# Steering column



## skootz1 (Oct 12, 2005)

When i turn my sterring wheel in either direction, it makes a cluncking or a knocking noise. Any clue from anyone?


----------



## cdmorenot (Dec 22, 2005)

MY 2.5 WAS DOING THE SAME THING.. I BROUGHT IT IN TO NISSAN THEY JUST SPRAYED IT WITH A LIL SILICONE AND PROBLEM FIXED.. LUBRICATION I GUESS.. WHATEVER..


----------



## skootz1 (Oct 12, 2005)

Thanks, but Nissan told me that they had to replace the left strut and also they will be replacing the sterring column. I had originally thought it was that. I am glad that your problem was easier then mine. I hope this helps someone else.


----------



## cdmorenot (Dec 22, 2005)

well if they're gonna do it for free.. that's awesome.. i got my struts both fronts replaced at around 30k for free too.. so that could had been part of the problem who knows.. well im glad it's going to be taken care of..


----------



## skootz1 (Oct 12, 2005)

did nissan replace both of the struts? They only replaced one of mine.
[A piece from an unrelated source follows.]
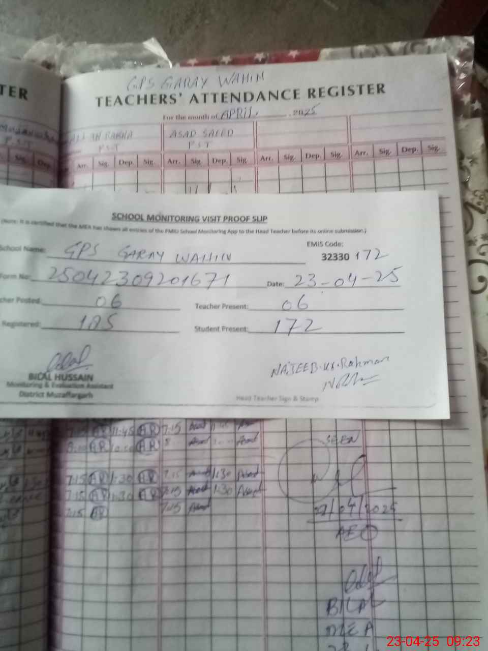| Attendance Register | Head Teacher | MEA with School | Visit Proof |

I have about 10000 miles on my car, i wonder if they shoudl replace both?


----------



## cdmorenot (Dec 22, 2005)

they replaced both for me... at no charge.. try gettin that other one.. or just say that theres a very annoying rattle.. it worked for me.. as long as the mechanic says you need it the service manager will just write the order with no questions.. just say you hear a rattle.. or something.. they'll take care of that other one for ya..


----------



## nicholson (Jan 20, 2014)

its the lower sttering shaft the u joint goes bad in the column


----------